> **Work item**: An exact copy of the lines of the listing below between the "鍋の側面の記載 Ultra Vita" line and the "接着,林霖以《攻坚克难:扬帆" line, both included, is the whole answer; please omit the pictures.

> **Record extracts**:
********

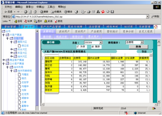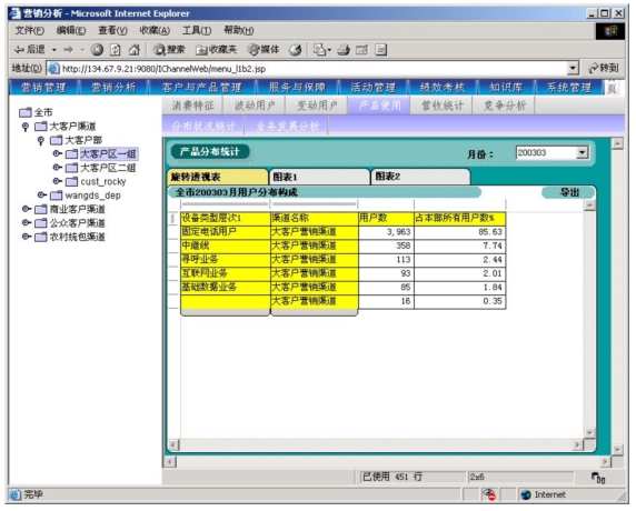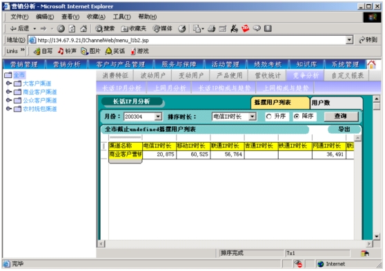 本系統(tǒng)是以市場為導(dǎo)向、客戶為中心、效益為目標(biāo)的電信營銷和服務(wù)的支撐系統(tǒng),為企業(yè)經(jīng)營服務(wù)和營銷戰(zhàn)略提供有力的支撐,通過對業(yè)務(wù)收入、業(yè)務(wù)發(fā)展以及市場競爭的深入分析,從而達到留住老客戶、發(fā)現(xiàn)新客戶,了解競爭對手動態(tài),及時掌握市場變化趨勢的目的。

********

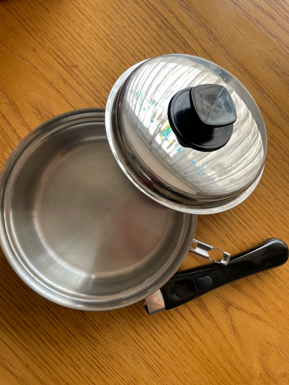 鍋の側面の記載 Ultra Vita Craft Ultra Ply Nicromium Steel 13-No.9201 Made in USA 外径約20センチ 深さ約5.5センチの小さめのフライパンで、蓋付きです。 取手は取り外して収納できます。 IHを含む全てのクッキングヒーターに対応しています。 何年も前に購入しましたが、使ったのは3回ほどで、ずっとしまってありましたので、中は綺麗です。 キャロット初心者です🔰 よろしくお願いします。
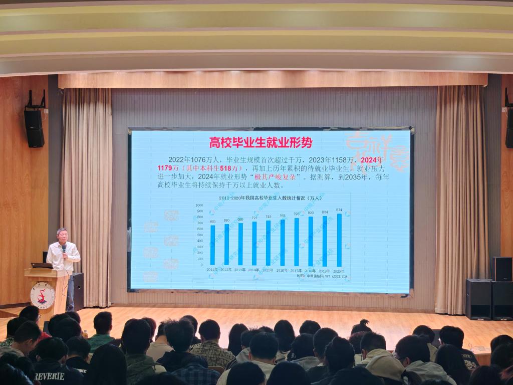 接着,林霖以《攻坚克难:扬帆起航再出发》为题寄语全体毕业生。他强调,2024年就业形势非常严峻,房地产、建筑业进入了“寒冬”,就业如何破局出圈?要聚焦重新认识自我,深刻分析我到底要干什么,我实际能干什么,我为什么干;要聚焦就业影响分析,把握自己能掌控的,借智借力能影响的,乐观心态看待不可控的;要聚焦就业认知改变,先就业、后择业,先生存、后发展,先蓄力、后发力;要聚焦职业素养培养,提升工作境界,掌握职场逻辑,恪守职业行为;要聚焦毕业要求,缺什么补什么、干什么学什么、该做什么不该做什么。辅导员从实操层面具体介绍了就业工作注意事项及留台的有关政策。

********

> **Solution**:
 鍋の側面の記載 Ultra Vita Craft Ultra Ply Nicromium Steel 13-No.9201 Made in USA 外径約20センチ 深さ約5.5センチの小さめのフライパンで、蓋付きです。 取手は取り外して収納できます。 IHを含む全てのクッキングヒーターに対応しています。 何年も前に購入しましたが、使ったのは3回ほどで、ずっとしまってありましたので、中は綺麗です。 キャロット初心者です🔰 よろしくお願いします。
 接着,林霖以《攻坚克难:扬帆起航再出发》为题寄语全体毕业生。他强调,2024年就业形势非常严峻,房地产、建筑业进入了“寒冬”,就业如何破局出圈?要聚焦重新认识自我,深刻分析我到底要干什么,我实际能干什么,我为什么干;要聚焦就业影响分析,把握自己能掌控的,借智借力能影响的,乐观心态看待不可控的;要聚焦就业认知改变,先就业、后择业,先生存、后发展,先蓄力、后发力;要聚焦职业素养培养,提升工作境界,掌握职场逻辑,恪守职业行为;要聚焦毕业要求,缺什么补什么、干什么学什么、该做什么不该做什么。辅导员从实操层面具体介绍了就业工作注意事项及留台的有关政策。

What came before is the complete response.